Wednesday 29 February 2012

What new dialogue can we set up between people who write about theatre and people who make it?


Convener: maddy costa

Participants: forgot to take names, but group included jake orr, roland from theatre delicatessen, rajni shah, theron schmidt, Jamie wood, tom frankland, matt trueman, simon bowes

Summary of discussion, conclusions and/or recommendations:

Do we want to maintain a distance between the people who write about theatre and the people who make it? Some felt this distance essential: writers shouldn’t be allowed into the rehearsal process, a critic would feel compromised by knowing too much about what the maker intended, and should be coming to the show with fresh eyes. Others felt frustrated by the feeling that it’s not possible to have a relationship with critics, that this barrier between the two groups should be dismantled.

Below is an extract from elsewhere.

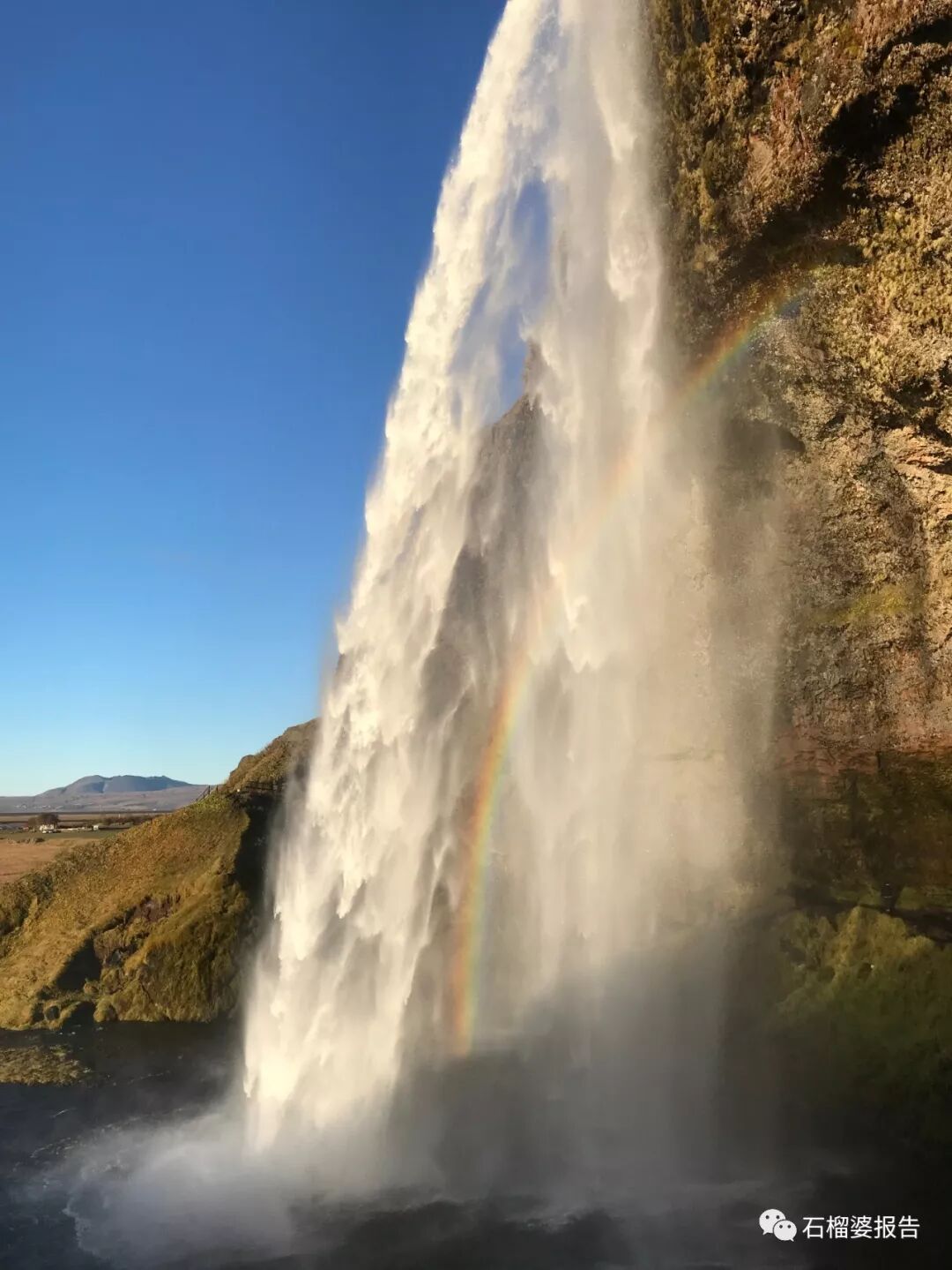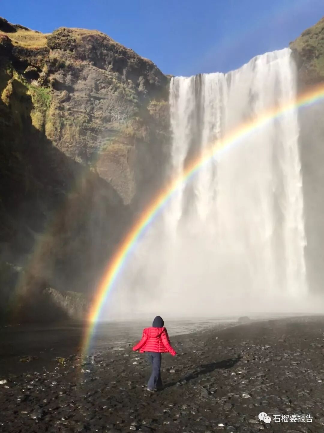 一个叫斯科加瀑布Skógafoss,因为水量够大,碰到彩虹的概率非常高。

One way of dismantling it: by allowing theatre writers in to the rehearsal process. I’ve been doing this with Chris Goode, Jake Orr is about to do this with a company at Oval House, Theatre Delicatessen have invited a writer in to their Henry V. Jake Orr approached Oval House with this proposal because he felt frustrated by the limitations of criticism, and also by the way artists talk about each other’s work, they are reluctant to critique.

The maker has to trust that the relationship would be beneficial to them in some way. Which raises the question: what do we write? A view on the process, which might elucidate something to the maker they perhaps hadn’t realized about themselves. A document useful to other theatre makers – after all, we all of us read more about theatre than we actually get to see. A record of how the show was made that might help audiences understand what they’ve seen, especially with experimental work. Extend the life of the work beyond the live event. We don’t know what the value of what we’ve written might be in the future.

What difference might it make to say to writers: “the rehearsal room door is open to you”?

When embedded in rehearsals, should a critic be a silent, recording presence? Should they discuss the piece with the maker? Is there a potential model in critic as dramaturg? How do we stop the critic being simply a diarist, or a kind of puppet for the maker?

Another possible dialogue: makers actually talking to critics after a review has been published, to understand better how the critic came to their view of the show. This would be awkward but potential fruitful. Not least for the critic: it might improve their watching!

Makers want more from critics than just the show was good/bad: they want thoughtful engagement – and particularly appreciate a critic’s honesty as to their own confusion. Why does a critic have to write from a point of certainty? Why can’t they be as vulnerable as the makers? When you haven’t got anything useful to say, just don’t say anything.

Makers would like a space to write in themselves – the model is Exeunt, which publishes long essays by makers, and theatre journals.

Similarly, I and Jake Orr are in agreement in feeling that most theatre blogging follows the established mainstream press model – we’re interested in forming a new language. Everyone excited by the idea that theatre writing/criticism could experiment with form, the way the work we watch does. Investigate the sculptural possibilities of writing.

Could there be a new theatre website where these new forms are attempted, where makers and critics/writers explore ideas side-by-side? Does it need to be sustainable? Arts council funding? Makers can offer writers total artistic freedom rather than financial remuneration.

Models we like: Chris Goode’s Thompson’s blog – the artist unmediated. John Lahr’s in-depth profiles, where he spends a month immersed in the life and work of an artist, so he writes about their art from as informed as possible a position. Any theatre writing that communicates beyond the single-show review.

One useful thing theatre writers could do, especially with work that is contingent on individual audiences/changes radically from night to night, is see the same work over a number of nights and contemplate what the differences mean in a wider sense.

There might also be opportunities for writers in engaging with festival work, and long-term multi-year artistic projects.

A discussion that raised more questions than answers, but one excellent concrete result: I realized that Jake Orr and I have been thinking across very similar lines, and instead of travelling those paths separately, we can now think about ways of joining forces and creating the new theatre writing together.